The logic is: NavTalk does not call the large model directly. Instead, it sends the speech-recognized text to MQTT. The OpenClaw bridge subscribes to that input topic, processes the request, and publishes the reply back to an output topic. NavTalk receives the text, then handles TTS and digital human lip sync.

Step 9: End-to-End Test

At the end of the video, the author performs a full demo. He says “Please tell me a story” to the USB audio device. The system completes the following steps:

1. The USB audio card captures the voice.
2. The speech module on the RDK X5 converts the voice into text.
3. The text is sent to OpenClaw through MQTT.
4. OpenClaw calls the configured OpenAI model to generate a reply.
5. The reply text is sent back to NavTalk through MQTT.
6. NavTalk generates speech and drives the digital human lip sync.
7. The small display shows the digital human telling a story.

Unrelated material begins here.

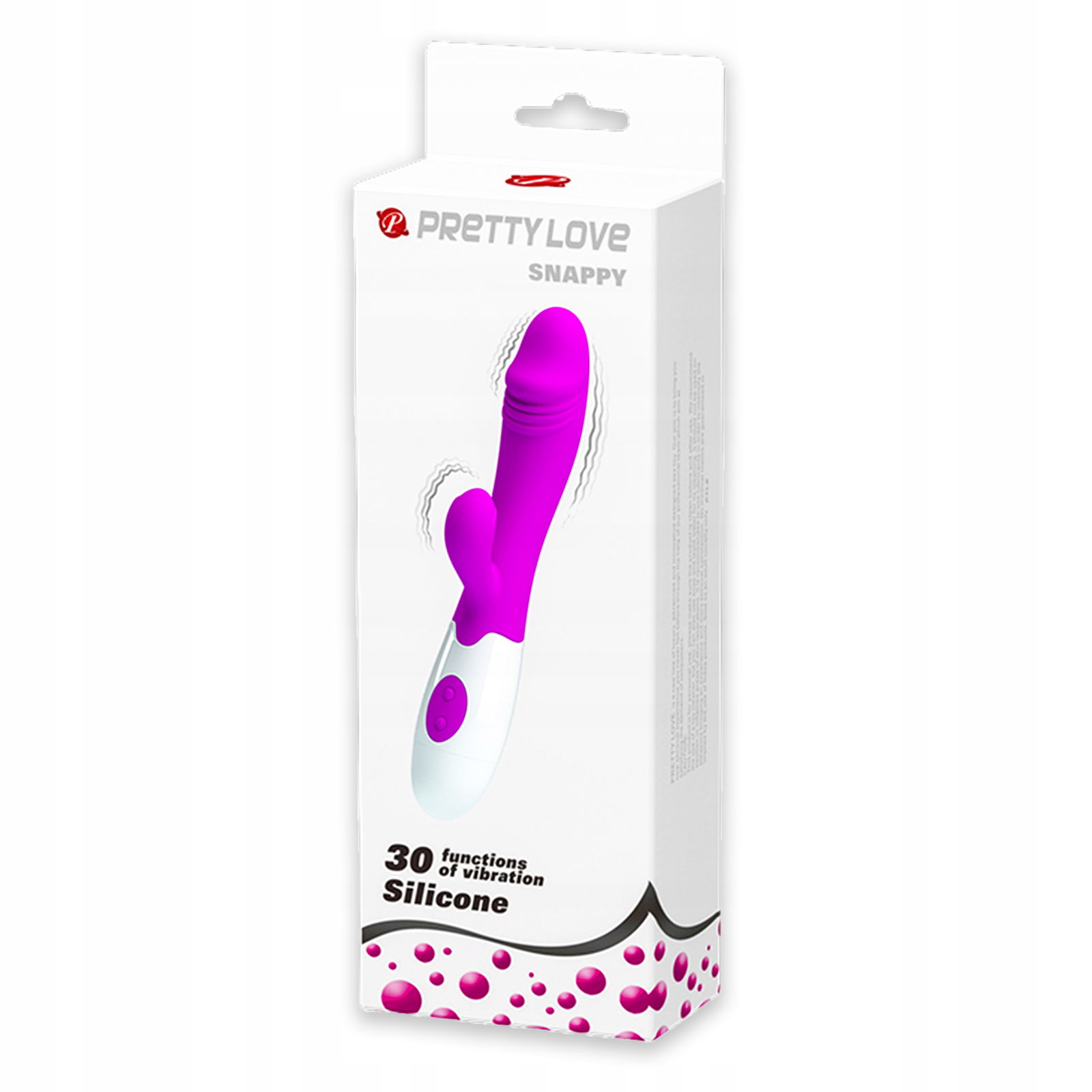 Pretty Love Snappy posiada unikalny kształt, którego główną zaletą jest masażer punktu G, znajdujący się na samym jego szczycie który wibrując dostarczają niezapomnianej przyjemności. Dodatkowo wibrator wyposażony jest w stymulator łechtaczki, który działając wspólnie z masażerem dostarcza maksymalną rozkosz i podwójny orgazm!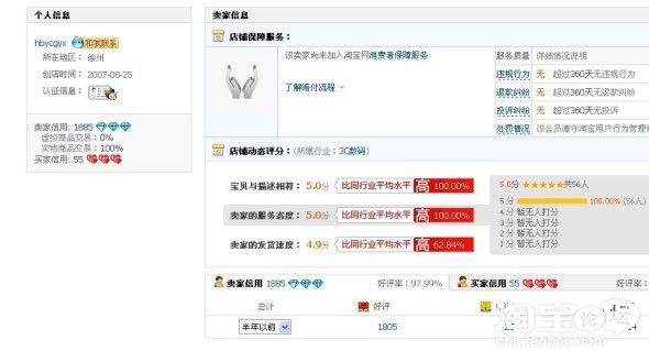 2007-08-25 第一次接触并认识、注册淘宝,反正玩电脑也是玩,挂个淘宝也是玩.淘宝店名字是我当时随便起的,有时间、有兴趣就开一段,忙起来就关闭,陆陆续续的就这样做着,那个时候淘宝比较好做,只要随便拍个图片,价格OK就能卖出东西,工作实在太忙,淘宝店根本无心打理,也根本没把它当回事,服务也没有到位,中评、差评也弄了不少……

The final screen shows the NavTalk digital human. The RDK X5, small display, and audio input device form a complete desktop AI companion:

Key Hardware Notes

1. Do not connect only HDMI to the small display

Many small HDMI displays require separate power in addition to the HDMI signal cable. Some displays also need an extra USB data cable if touch input is supported. In the video, the display has a blue adapter board and multiple cables behind it, which means it is not a module that can fully work with HDMI alone.

2. The USB audio device must be recognized by the system

Voice is the main interaction entry point for this project. If the USB audio card is not recognized by the RDK X5, the later STT, MQTT, and OpenClaw stages will not receive valid input. After connecting the hardware, first confirm the input device in the system audio settings, then run the end-to-end test.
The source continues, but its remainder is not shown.